Таких лесов и рощ, огражденных грубой деревянной или каменной стеной либо обнесенных валом, было превеликое множество на всем южнобалтийском побережье (не только у славян) и на островах, но нигде они так не почитались, как у остзейских вендов, пруссов и литовцев. Входить туда могли только жрецы, они же имели исключительное право валить священными топорами деревья для костра или иных надобностей. Если кто-то нарушал запрет по совершенно очевидному неведению (ребенок, слепец, иноземец— гость, какое-нибудь домашнее животное), ограничивались лишь ревностным жертвоприношением: это был тот случай, когда богу представлялась возможность выступить добрым и справедливым отцом племени. Но если намеренно — гибель была неминуемой. Священные участки простирались на много верст и изымались из хозяйственного обихода, ибо каждая травинка, ручей или лист, каждая птица, зверь или насекомое принадлежали богу. Священными объявлялись те дубы и рощи, где жрец «угадывал» присутствие бога. Они помечались священным топором. Если такое дерево оказывалось на пахотном поле, поле с этого момента не использовалось. Но это случалось редко, чаще священные деревья росли в горах, на берегах озер или у родников. И никто не смел подняться на эту гору, искупаться или выудить рыбу в этом озере, утолить жажду из этого родника. Такое право покупал себе обильной жертвой жрец, и тогда эти места сразу же становились «целебными», умножая его доходы. Этот страх остался в народе и после утверждения христианства.
Верховный жрец пруссов носил титул гриве (криве, крев). На разных племенных диалектах это слово означало одно и то же — кровь. Кровь, проливаемая на алтарях. По другой версии, гриве — это санскритское griva — шея, часть тела, находящаяся, как известно, между головой (богом) и туловищем (народом). Тогда этот титул означает — проводник бога. Гриве обладал не только абсолютной духовной, но и неограниченной политической властью: у многих народов функции жреца и правителя совмещали цари. Известно имя первого гриве, так сказать, «основателя династии» — Брутено. Он был братом— близнецом первого полулегендарного князя (рейкса) пруссов Видевута, ратаря по происхождению. Бежавшие со своими приверженцами из страны во время каких-то народных волнений, братья прибыли на территорию будущей Пруссии — между Вислой и Неманом, сумели каким-то образом подчинить коренное население — ульмаругиев и созвали всех своих сторонников в неприступный замок Нойтто «между прохладным озером и морем» (на балтийской косе, отделяющей Гданьскую бухту от Вислинского залива).
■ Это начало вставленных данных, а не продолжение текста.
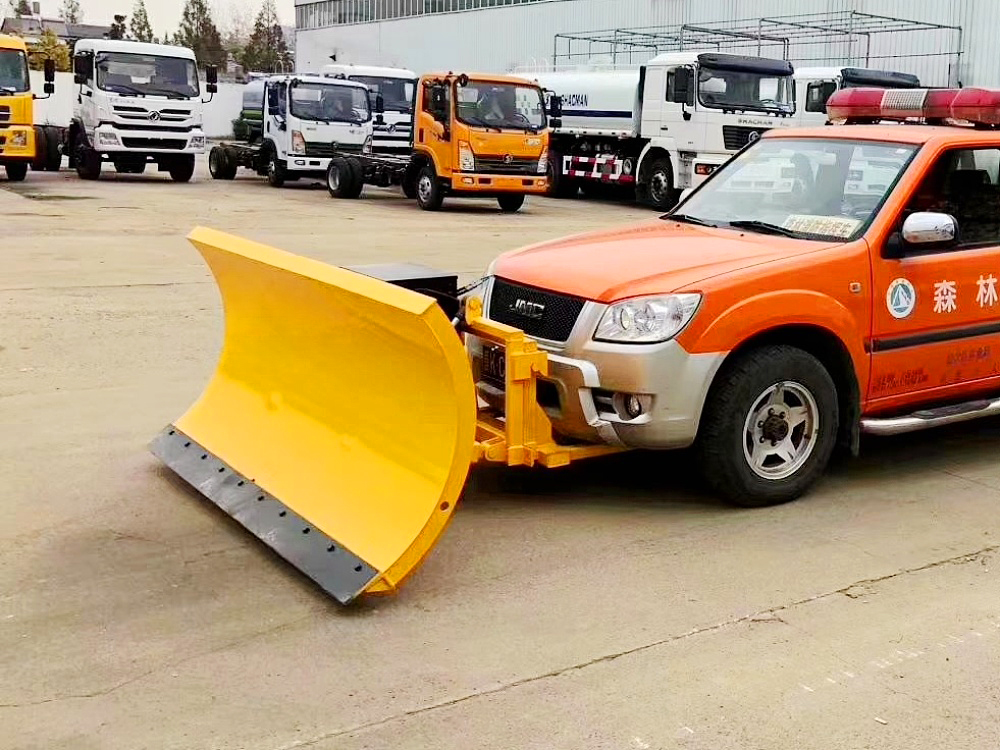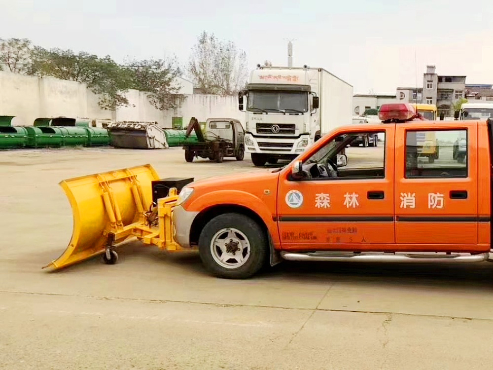 可安装在各类轻、中、重型货车上,除雪时雪铲下放。除雪效率高,除雪干净;汽车前进时如果遇到障碍物,雪铲会自动翻转避开,待越过障碍物后,在拉簧作用力下雪板会自动复位;除雪过程中,积雪会飞向路边。 三、除雪铲用途:

Нужно было выработать единую программу, достичь согласия, чтобы управлять покоренной страной. Оно было достигнуто и скреплено договором. Те из ульмаругиев, кто не желал признать новый порядок вещей добровольно, принуждались к этому силой. Наиболее лояльные и авторитетные становились «благородными»; скандии и ратари объединялись в единый народ с едиными богами и единым повелителем, стоявшим выше рейкса, — гриве. Не исключено, что и этот торжественный акт заканчивался обрядом кровопития.
Примерно столетием позже, когда население умножилось, когда рейксы поделили между собой власть в стране и один жрец, сколь бы он ни был «вездесущ», не мог уже за всем уследить, — в каждой округе оказался свой гриве, почти не показывавшийся на людях и обитавший в таинственном сумраке священного леса. Его волю доводили до народа специальные вестницы— гриваитки — возможно, рабыни, жившие вместе с гриве и прислуживавшие ему, а иногда и ассистировавшие при жертвоприношениях. В этих случаях им вручался гривале — священный кривой посох верховного жреца (вроде пастушьего), его «верительная грамота», почитавшаяся как воплощение самого гриве. Вестница передавала гривале ближайшему соседу, падавшему при этом ниц, тот — следующему, и так до тех пор, пока посох не возвращался в первые руки. Это означало, что все оповещены. Вестница относила посох владельцу, и гриве выходил из леса, чтобы побеседовать с племенем. Но это бывало редко, чаще вестница посылалась с каким-нибудь разовым поручением. Такой способ оповещения употреблялся в немецких деревнях еще в конце прошлого века.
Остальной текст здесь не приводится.